Click me to make me big!

I’m fascinated with this idea, and applaud any toy makers that emerge to offer an alternative to the unrealistic and disproportionate body images that little girls (and boys) aspire to by vicariously living through or identifying with their dolls.

According to research titled the Distorting Reality for Children study, if Barbie (and the typical female Second Life avatar) was a real woman, she’d

  • be anorexic
  • not be able to lift her head (because her neck is twice as long as average)
  • not be able to menstruate
  • have a smaller waist than her head
  • only have room for half a liver and a few inches of intestines
  • have to walk on four legs to support the top-heavy weight distribution

I can’t help but see the similarities to how we shape our bodies in Second Life, and can’t help but consider how this might be contributing to body image distortion, and its negative effects. Effects that include eating disorders, body dysmorphic disorders, mood disorders like depression, social anxiety, social isolation and a lowered quality of life that may last a lifetime.

Some time ago I wrote about body proportions in Second Life. It remains one of the most popular posts on this blog. I included the below image of me with a standard shape (on the left), and then me after modifying for human proportions (on the right). I find the similarities with the above comparison between Barbie and Lammily to be striking:

Me before (2009-2012) and after (2013 onwards). The before shape is from Unique, the after shape is my own.
Me before (2009-2012) and after (2013 onwards). The before shape is from Unique, the after shape is my own.

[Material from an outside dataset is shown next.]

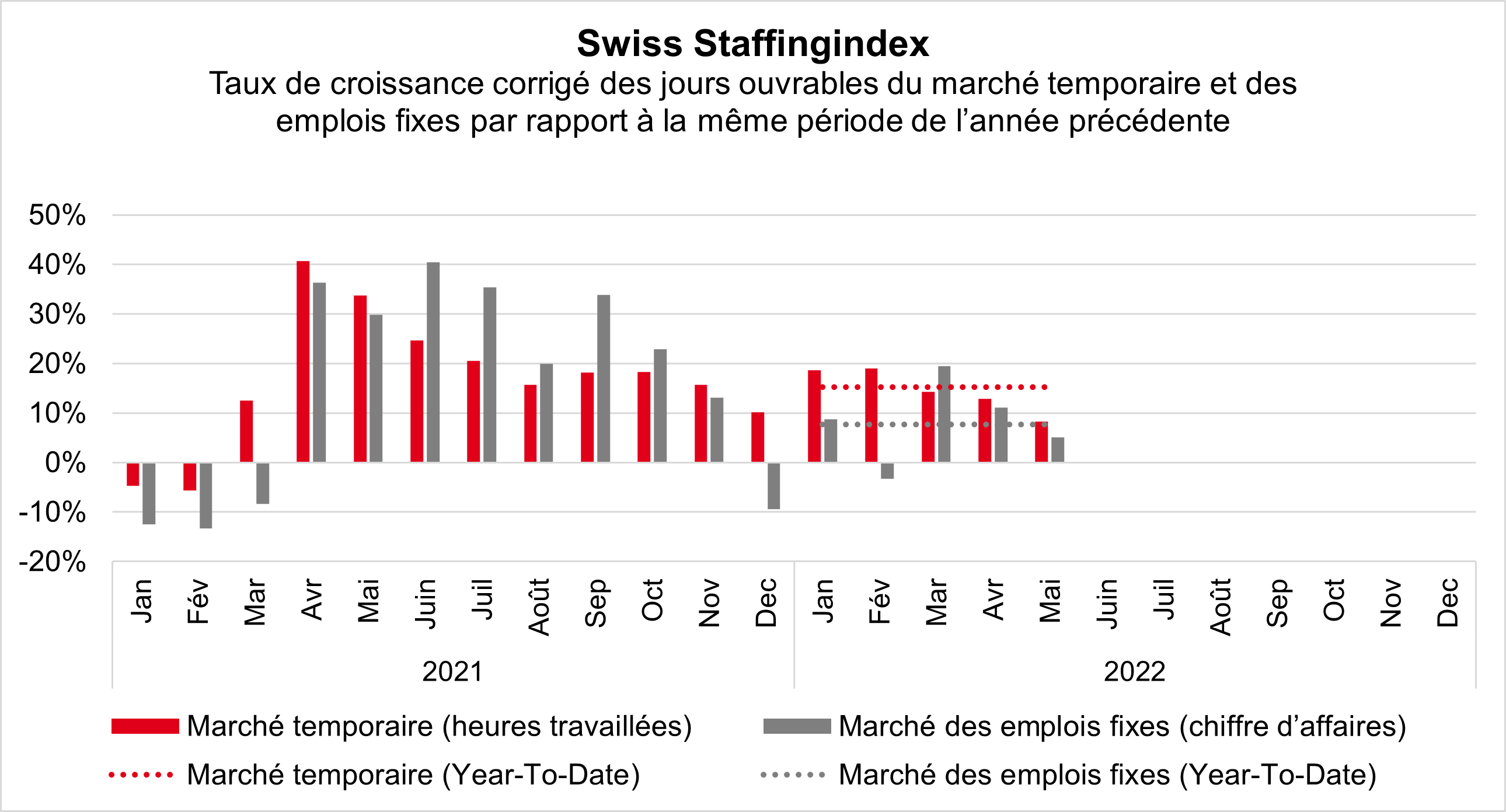 Le secteur du travail temporaire ralentit en mai 2022. Les heures travaillées ont augmenté de 8,4% sur le marché temporaire par rapport au même mois de l'année précédente. Le chiffre d'affaires réalisé avec ces placements en emplois fixes a augmenté de 4,7%. Les performances year-to-day de 14,0% pour le marché temporaire et de 7,5% pour le marché de l'emploi fixe sont sensiblement supérieures aux valeurs mensuelles actuelles. Eu égard à la hausse des prix de production, aux difficultés croissantes de livraison et au nombre toujours plus faible de demandeurs d'emploi, ce ralentissement n'a rien de surprenant.

But will Lammily sell? Doesn’t every little girl want to be perfect? Won’t they prefer the sight of the thinner, taller, small headed, short-armed. platinum bleached-blond that so many of us have come to recognise as the ideal of feminine beauty and mystique?

A group of second-graders, interacting with the Lammily doll, seem like they might disagree, and I’m so glad they do!:

5 thoughts on “What Second Lifers might learn from the Lammily Doll

    1. Thank you, I did catch a glimpse of that in Buzzfeed or something similar – but didn’t dive into it as much as this article does. It’s a good thing Barbie has those boys around to bring her design ideas to life with programming! Phew! Thanks for sharing.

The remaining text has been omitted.